» **Task item**
For the entries below, copy exactly the line that contains "伦敦奥运会结束之后,福原爱右" through the line that contains "Deva Partisi Van", both ends included, and exclude all pictures.

*** Opening of Dataset records ***

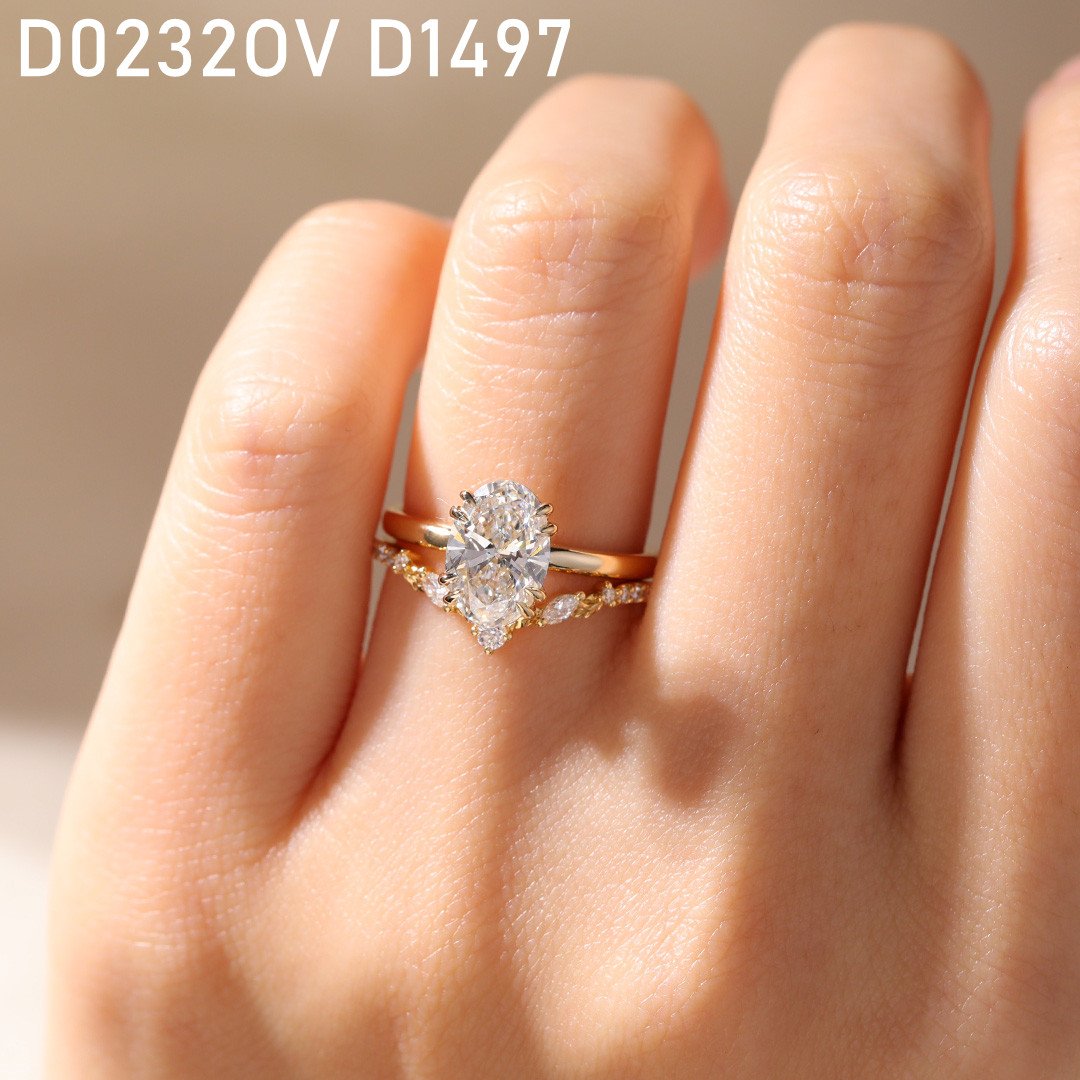 1ct Oval Cut Opal Engagement Ring with Marquise Curved Wedding Band ​Set
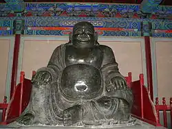 - 弥勒殿(天王殿):建于明朝,面阔三间,单檐歇山顶,柱子未包入墙中。殿内正中供奉铜制弥勒佛,高2.5米,采用五代时期布袋和尚的造型,为明代造像。原来殿内两侧有四大天王像,毁于北洋政府时期。
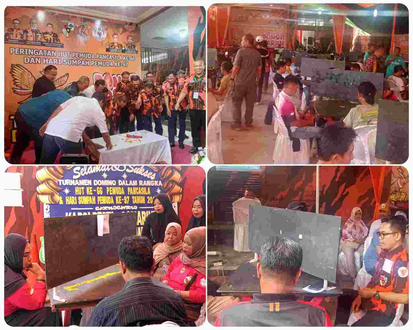 Kartu domino yang disusun dan dijatuhkan di meja menjadi simbol solidaritas dan semangat kebersamaan, sebagaimana nilai-nilai yang diusung Pemuda Pancasila selama enam dekade lebih.
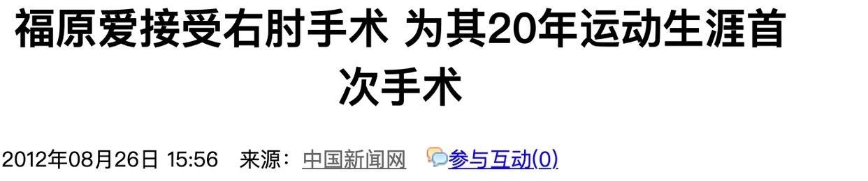 伦敦奥运会结束之后,福原爱右胳膊的伤病已经不能再拖了,于是她20年运动生涯第一次停下脚步,在同年8月底做了右肘滑膜摘除手术。
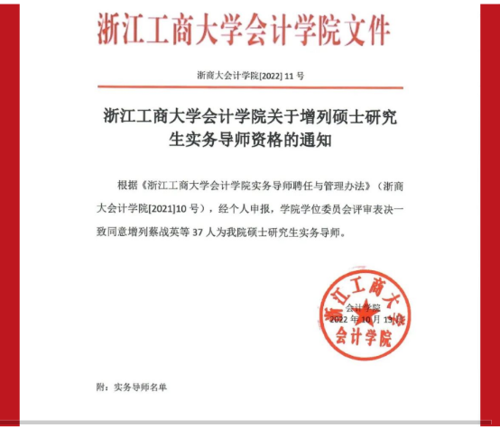 Time:2022-10-14近日,经个人申报、浙江省总会计师协会推荐,我所IM体育所长被增列为浙江工商大学会计学院硕士研究生实务导师。
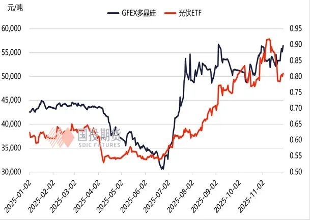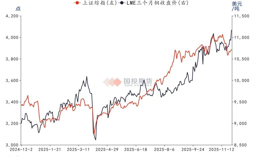 贵金属持续走强拉宽了金铜比,从而在估值上给铜等有色带来提振。不过,除此之外,新旧能源转型在其他领域给铜带来的新需求增长,也从基本面给铜很强支撑,这些因素叠加,是近两年来铜始终在历史高位保持坚挺的主要原因。新旧能源转型还让市场看到新能源金属(碳酸锂、多晶硅和工业硅)未来的需求增长点,碳酸锂和多晶硅都出现期货市场和股票市场共振的局面(图2)。虽然现在还没有看到这些品种从过剩转为紧平衡的迹象,但在反内卷的提振下,市场貌似意识到,今年6月份的低点可能就是近些年的低点。从交易角度来说,往上的收益风险比可能更优。未来市场可能还将围绕这一主题展开,即AI带来算力需求,算力需要大量的电力,从而会加快新旧能源转型,因此,除了新能源金属出现期货市场和股票市场共振之外,年内多数时间还可以观察到,铜的单边绝对价格与上证指数具有高度的趋同性(图3)。
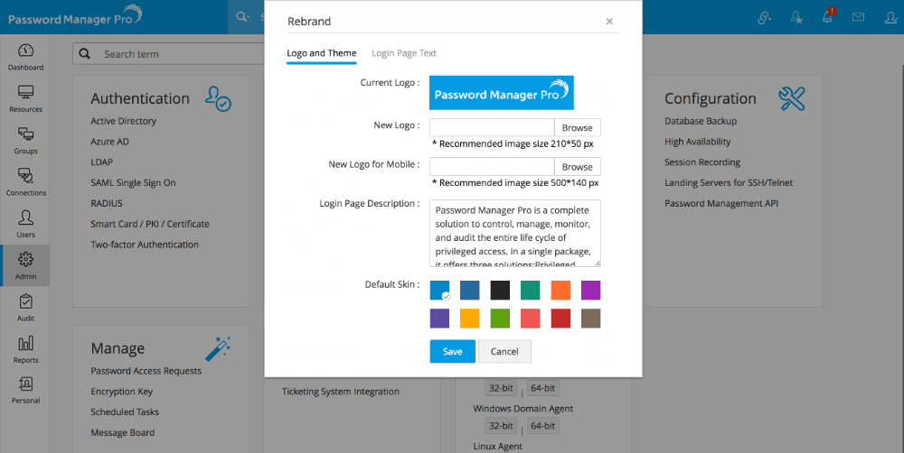 - Click Save. Password Manager Pro will appear with the rebranded look.
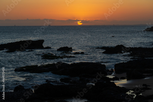 Fototapeta premium Dramatic sunset with colorful clouds. Late afternoon, twilight.
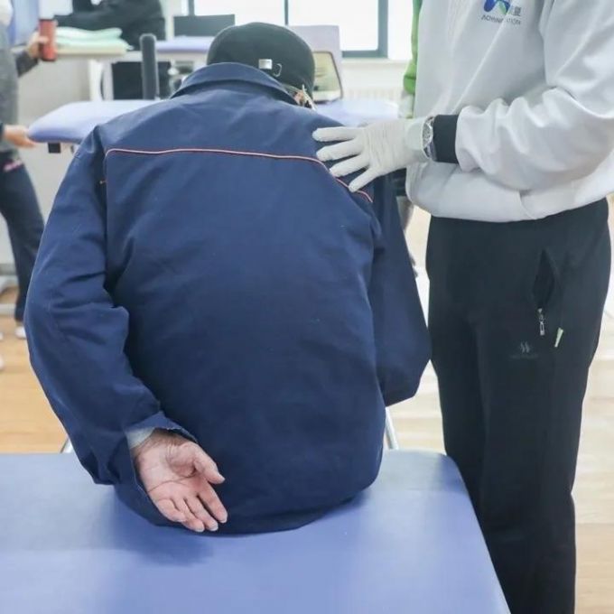 ▲老趙手臂力量逐漸增強(qiáng),可以抬起和伸至背后
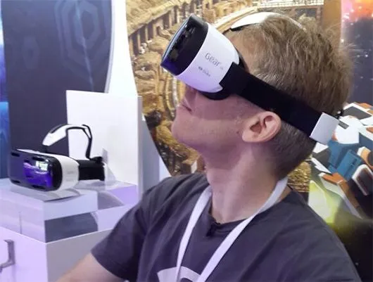 The Gear VR is an add-on for the newly announced Samsung Note 4 phone, which has a 5.7 inch Quad HD Super AMOLED display. The device is attached to the head mount. The Gear VR uses the hardware in the phone, so there are no tether cables.
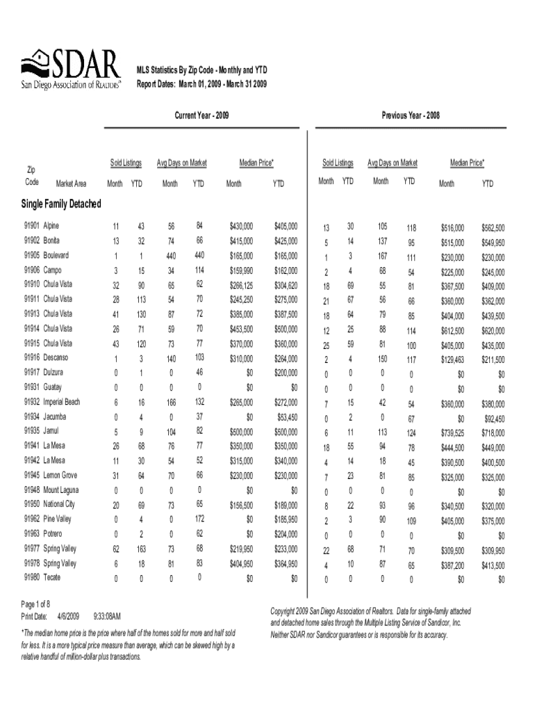 Market AreaMonthYTDPrevious Year 2008Avg Days on Market
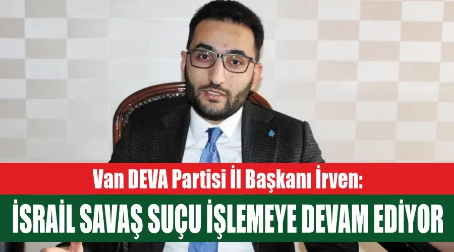 Deva Partisi Van İl Başkanı Erkan İrven, İsrail'in bir ayı aşkın süredir her türlü insanlıktan uzak bir politikayla Filistin'e yönelik saldırılarını sürdürdüğünü belirterek, "İsrail, hastane, okul, cami, ibadethane ayrımı yapmaksızın bombalı saldırılarını sürdürüyor. Gazze'de, çocuk, yaşlı, kadın, genç demeden insanlar ölüyor. İsrail savaş suçu işlemeye devam ediyor. Dünya devletleri ise olaylara sus-pus. Hükümetimiz ise kalıcı adımlar atmak yerine mitingler düzenliyor. Bu doğru değil, daha somut adımlar atılmalı" diye konuştu.
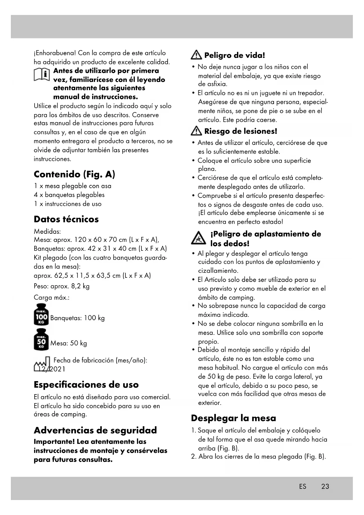 los cierres adhesivos. Fijar la altura de la mesa La altura de la mesa puede fijarse en tres posi- ciones. Encaje los botones de las cuatro patas de la mesa a la misma altura (Fig. G). Banquetas Saque las banquetas del embalaje y desplié- guelas (Fig. E). Almacenamiento y cuidados El artículo debe guardarse siempre seco y limpio en un lugar a temperatura templada. Limpiar únicamente con agua y secar a continuación con un paño. ¡IMPORTANTE! No usar productos de limpieza agresivos bajo ninguna circunstancia.25ES Las demandas derivadas de la garantía sólo podrán presentarse dentro del periodo de garantía exhibiendo el comprobante de compra original. Le rogamos, por ello, que conserve el comprobante de compra original. El periodo de garantía no se verá prolongado por ningún tipo de reparación realizada con motivo de la ga- rantía, la garantía legal o como gesto de buena voluntad. Esto se aplica también a las piezas sustituidas o reparadas. Por favor, dirija sus quejas primero a la línea telefónica del servicio de atención al cliente que se indica a continuación o póngase en contacto con nosotros por correo electrónico. Si el caso está cubierto por la garantía, a nuestra elección, repararemos o cambiaremos gratuitamente el artículo o le restituiremos el precio de compra del mismo. De la garantía no se derivan otros derechos. Esta garantía no limitará sus derechos legales, especialmente los derechos de garantía frente al vendedor correspondiente. IAN: 384610_2107 Servicio España Tel.: 900 984 989 E-Mail: deltasport@lidl.es26 Tillykke! Med dit køb har du valgt et kvalitetspro- dukt. Gør dig fortrolig med produktet inden den første ibrugtagning. Læs i denne forbindelse opmærk- som den efterfølgende brugsvej- ledning. Brug kun produktet som beskrevet og til de oplyste formål. Gem denne vejledning godt. Hvis du giver produktet videre til tredje, giv ligeledes alle bilag med. Leverancen omfatter (fig. A) 1 x bord, sammenklappeligt med bærehåndtag 4 x skamler, sammenklappelige 1 x brugervejledning Tekniske data Mål: Bord: ca. 120 x 60 x 70 cm (L x B x H) Skammel: ca. 42 x 31 x 40 cm (L x B x H) sammenklappeligt sæt (fire skamler i bordet): ca. 62,5 x 11,5 x 63,5 cm (L x B x H) Vægt: ca. 8,2 kg Maks. bæreevne: Skammel: 100 kg Bord: 50 kg Fremstillingsdato (måned/år): 12/2021 Formålsbestemt anvendelse Produktet er ikke beregnet til erhvervsmæssig brug. Produktet er udviklet for campingbrug. Sikkerhedsinstruktioner Vigtigt! Læs venligst monteringsvej- ledningen omhyggeligt igennem og opbevar den til senere brug! Livsfare!
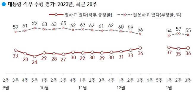 한국갤럽이 2023년 1월 셋째 주 전국 만 18세 이상 1,000명에게 윤석열 대통령이 현재 대통령으로서의 직무를 잘 수행하고 있다고 보는지 잘못 수행하고 있다고 보는지 물은 결과, 36%가 긍정 평가했고 55%는 부정 평가했으며 그 외는 의견을 유보했다.

*** Close of Dataset records ***

» **Written solution**
 伦敦奥运会结束之后,福原爱右胳膊的伤病已经不能再拖了,于是她20年运动生涯第一次停下脚步,在同年8月底做了右肘滑膜摘除手术。
 Time:2022-10-14近日,经个人申报、浙江省总会计师协会推荐,我所IM体育所长被增列为浙江工商大学会计学院硕士研究生实务导师。
 贵金属持续走强拉宽了金铜比,从而在估值上给铜等有色带来提振。不过,除此之外,新旧能源转型在其他领域给铜带来的新需求增长,也从基本面给铜很强支撑,这些因素叠加,是近两年来铜始终在历史高位保持坚挺的主要原因。新旧能源转型还让市场看到新能源金属(碳酸锂、多晶硅和工业硅)未来的需求增长点,碳酸锂和多晶硅都出现期货市场和股票市场共振的局面(图2)。虽然现在还没有看到这些品种从过剩转为紧平衡的迹象,但在反内卷的提振下,市场貌似意识到,今年6月份的低点可能就是近些年的低点。从交易角度来说,往上的收益风险比可能更优。未来市场可能还将围绕这一主题展开,即AI带来算力需求,算力需要大量的电力,从而会加快新旧能源转型,因此,除了新能源金属出现期货市场和股票市场共振之外,年内多数时间还可以观察到,铜的单边绝对价格与上证指数具有高度的趋同性(图3)。
 - Click Save. Password Manager Pro will appear with the rebranded look.
 Fototapeta premium Dramatic sunset with colorful clouds. Late afternoon, twilight.
 ▲老趙手臂力量逐漸增強(qiáng),可以抬起和伸至背后
 The Gear VR is an add-on for the newly announced Samsung Note 4 phone, which has a 5.7 inch Quad HD Super AMOLED display. The device is attached to the head mount. The Gear VR uses the hardware in the phone, so there are no tether cables.
 Market AreaMonthYTDPrevious Year 2008Avg Days on Market
 Deva Partisi Van İl Başkanı Erkan İrven, İsrail'in bir ayı aşkın süredir her türlü insanlıktan uzak bir politikayla Filistin'e yönelik saldırılarını sürdürdüğünü belirterek, "İsrail, hastane, okul, cami, ibadethane ayrımı yapmaksızın bombalı saldırılarını sürdürüyor. Gazze'de, çocuk, yaşlı, kadın, genç demeden insanlar ölüyor. İsrail savaş suçu işlemeye devam ediyor. Dünya devletleri ise olaylara sus-pus. Hükümetimiz ise kalıcı adımlar atmak yerine mitingler düzenliyor. Bu doğru değil, daha somut adımlar atılmalı" diye konuştu.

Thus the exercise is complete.